Lastly, I know personally for me, LLMs have become a large part of enhancing my daily workflow. They have increased both the quantity and quality of my output but the 2 fundamental problems for me are:
1. Remember it's there and to use it. (Can what I'm doing could be done with LLM assistance)
or
2. How to formulate a question or request. (This is a fundamental problem of all "work" and "management" how do you define and communicate effectively?)
It's a nice story you've created here, but, the thing is, we've all used GPT 3.5/4 now and we know it can easily produce code that automates most jobs.
On one hand, they're clearly impressive and useful.
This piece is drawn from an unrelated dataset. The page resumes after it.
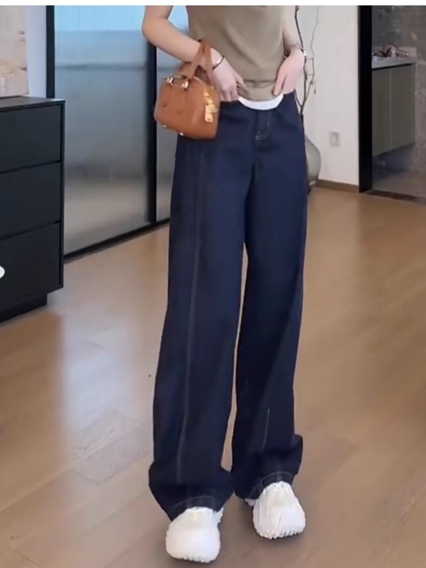 2024 가을과 겨울 새로운 조커 다크 블루 스트레이트 팬츠 3 차원 커팅 디자인 센스 마체 테 청바지 좁은 버전 가을스토어 가기

They'll get better, but it's not at all clear how much better.
On the other hand, we've had access to 3.5 for 6 months now, and thus far companies love to talk about their AI strategies, and love to roll out "alpha previews", but not much of value seems to have been produced thus far.
You'd imagine that an instantly transformative feature would not sit around in alpha to die. I think that companies are likely discovering that it's not magic, and that there are many problems that it can't solve.
It actually seems like we have passed peak LLM at this point.